Here is the place where I get the error: (I have to put the buffer from m into a new memory stream because the stamper in the fillPDF function defaults to closing the stream unless marked otherwise.)
Dim m As MemoryStream = PDFHelper.fillPDF(filename, Nothing, markers, "")
Dim m2 As New MemoryStream(m.GetBuffer, 0, m.GetBuffer.Length)
Dim f As FileStream = New FileStream("C:\temp.pdf", FileMode.Create)
m2.CopyTo(f, m.GetBuffer.Length)
m2.Close()
f.Close()
Here is one of the ways I successfully use it on the website. This one does not use images, although some other similar successful places do use images on multiple documents that are then merged together.
Dim m As System.IO.MemoryStream = PDFHelper.fillPDF(filename, New Dictionary(Of String, String), New List(Of PDFHelper.PDfImage), "SAMPLE")
Dim data As Byte() = m.GetBuffer
Response.Clear()
//Send the file to the output stream
Response.Buffer = True
//Try and ensure the browser always opens the file and doesn’t just prompt to “open/save”.
Response.AddHeader("Content-Length", data.Length.ToString())
Response.AddHeader("Content-Disposition", "inline; filename=" + "Sample")
Response.AddHeader("Expires", "0")
Response.AddHeader("Pragma", "cache")
Response.AddHeader("Cache-Control", "private")

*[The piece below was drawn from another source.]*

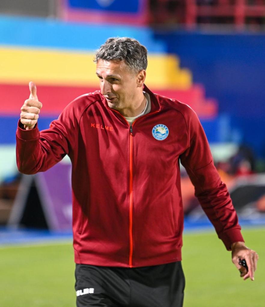 Serbian coach Aleksandar Pantic gives a thumb-up for young football players during a training session at Tianjin Football Association Youth Training Center in north China's Tianjin Municipality, April 23, 2024.
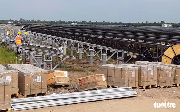 Một dự án điện mặt trời phía Nam đang gấp rút hoàn thành - Ảnh: N.AN

//Set the output stream to the correct content type (PDF).
Response.ContentType = "application/pdf"
Response.AddHeader("Accept-Ranges", "bytes")
//Output the file
Response.BinaryWrite(data)
//Flushing the Response to display the serialized data to the client browser.
Response.Flush()
Try
Response.End()
Catch ex As Exception
Throw ex
End Try
Here is the function in my utility class (PDFHelper.fillPDF)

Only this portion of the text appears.